Anyone, especially those of you who are extroverts by nature would agree with me that silence is often suffocating. And should you take Ecclesiastes 3.7 seriously then silence can be volcanic for Solomon says, there is a time to be silent and a time to speak. As experience would tell some of you, when the wife is fuming in the kitchen with a hot ladle in her hand it is a time for you to shut up.

When you find an unbelieving friend in pursuit of life’s meaning it is the time for you to open up about Jesus. Yet, we do quite the opposite – at the door of evangelism we shut up and at the face of argument we become active debaters. Perhaps, Solomon should have written an Idiot’s Guide to when to Shut Up as a sequel to Ecclesiastes. That book would likely outsell J.K Rowling and Agatha Christie put together. In the absence of such a guide detailing when to be silent, let us take the Scriptures as our guide and see when they recommend silence.

At the end of a series of commandments in Deuteronomy 27.9 is found this rather surprising verse – Be silent, Israel, and listen! You have now become the people of the Lord your God. It gives the sense that if you belong to God you need to listen. Habakkuk in 2.20 putsforth this beautifully – The LORD is in his holy temple; let all the earth be silent before him. This aspect of being silent and listening is an almost lost art in believers – Christian gatherings have become more noise and less substance – Oh yea! Seldom do people come with the mindset, “what is God going to talk to me today?” You better be silent and listen to Him when in God’s presence.

David writes this in Psalms 4.4 – when you are on your beds, search your hearts and be silent. That is weird – on bed? We ought to question, why would someone switch off the lights, get on the bed and start talking? No – David is referring to our thoughts here. Most young men and women and perhaps older ones too have a problem with closed doors and dark rooms – it is not claustrophobia, but fantasizing – and not just the sexual kind of fantasizing.

You would often find a young man get onto bed at ten in the night but lay awake until after midnight fantasizing about anything and everything under the sun – sometimes planning and scheming.
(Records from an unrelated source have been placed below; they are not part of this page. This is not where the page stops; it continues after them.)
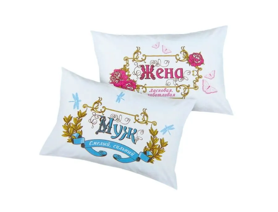 Уникальные парные наволочки "Муж и жена" от компании Сима Ленд идеально подойдут к любым имеющимся у Вас подушкам соответствующего размера. Интересная идея оформления наволочек подарит яркие эмоции и истинное наслаждение во время отдыха. Яркость и насыщенность оттенков выдержат множество стирок и останутся такими, как в первые дни использования. Приятный на ощупь материал исключит проявление какого-либо раздражения, аллергической реакции или дискомфорта.
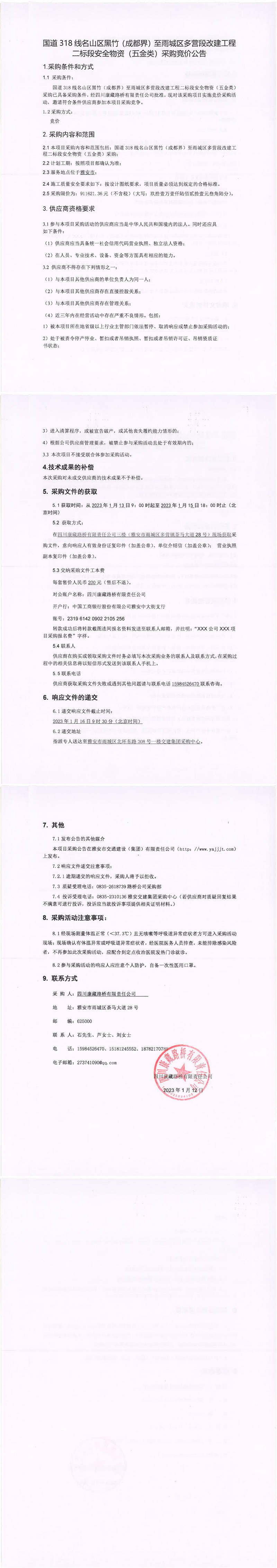 四川康藏路橋有限責(zé)任公司國道318線名山區(qū)黑竹(成都界)至雨城區(qū)多營段改建工程二標(biāo)段安全物資(五金類)采購競價公告
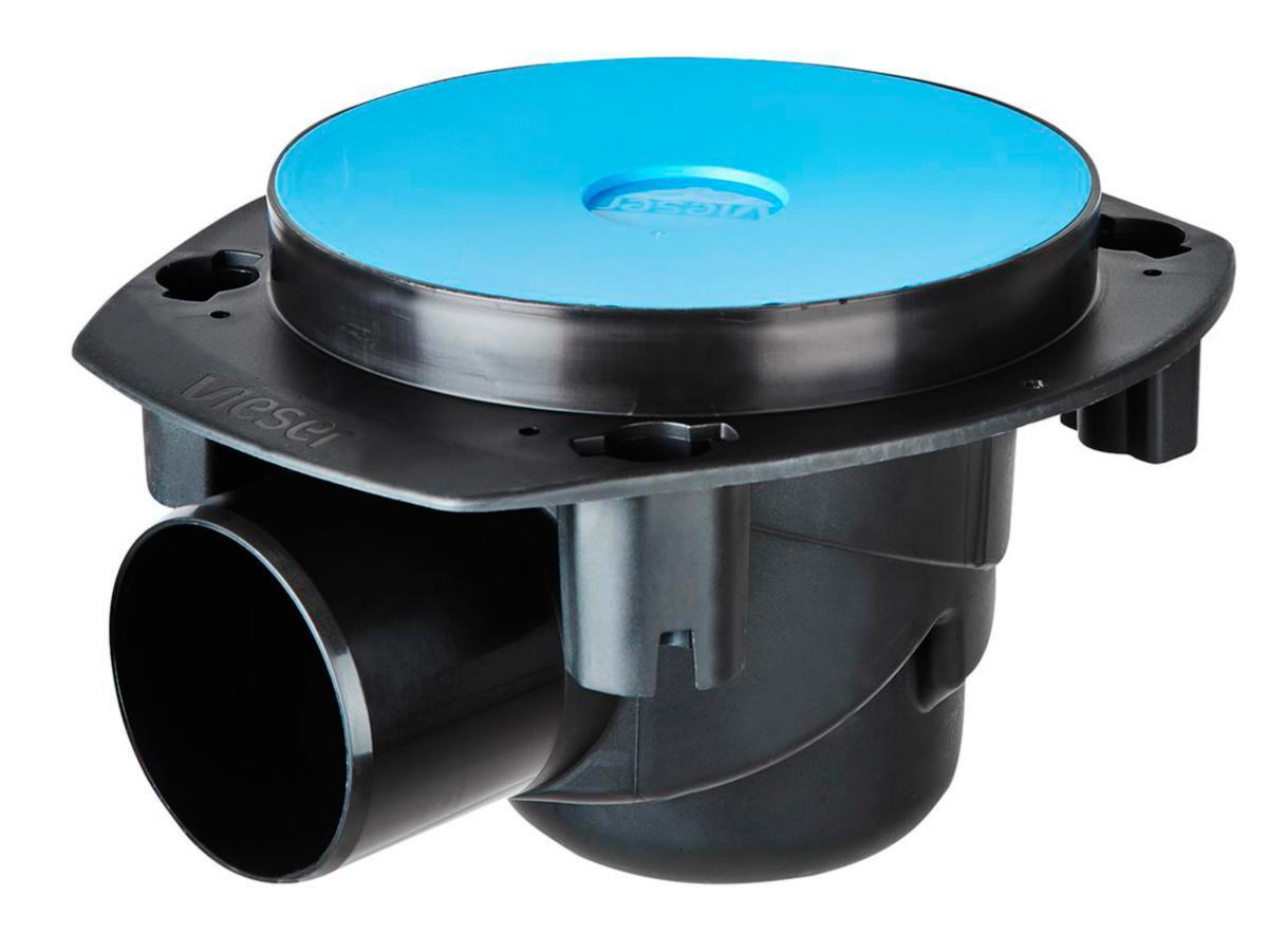 Vieser One golvbrunn DN 75, 75mm utlopp sida. 1,6 l/s. utan valvstöd. svart PP. Ø150mm.
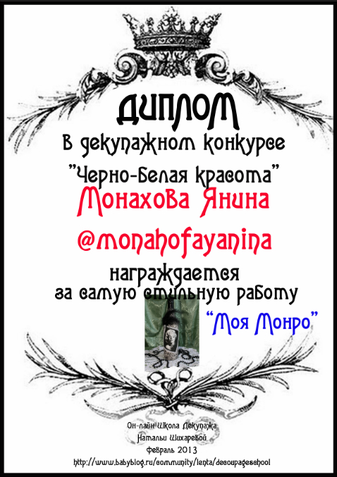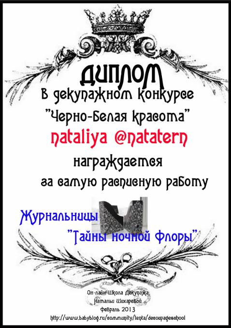 Спасибо Наташе и Альбине за дмпломы!!! Такие стильные получились,в духе конкурса!!!

Sadly, Micah 2.1 says, Woe to those who plan iniquity, to those who plot evil on their beds. Rather according to David on the bed is a time to shut off those thoughts of anger, jealousy or passion and open yourself to search your hearts. It is a time to rectify your past but not to plot your future.

The classic example of a man being silent is displayed in Jesus’ life. Isaiah had long before prophesied in 53.7 that “as sheep before its shearers is silent, so he did not open his mouth.” Both Matthew and Mark record the beginning of the fulfilment of this prophecy when they mention, “But Jesus remained silent” in Matthew 26.63 and Mark 14.61. No one questioned Jesus why he remained silent, but I bet the answer would’ve been “for this reason I have been sent”. When you know that by breaking your silence you would potentially mess up your mission it is better to be silent rather than retort. For our prayer and purpose always should be, “let your will be done on earth as it is in heaven”.

If there is power in speech, depending on the situation there is power in silence too. Draw from this power in the presence of God, on bed and in ministry and remember that an earthquake may shatter the earth, a storm may hit everything on it but God is always in the silence that ensues after all he is a God who said, be still and know that I am God.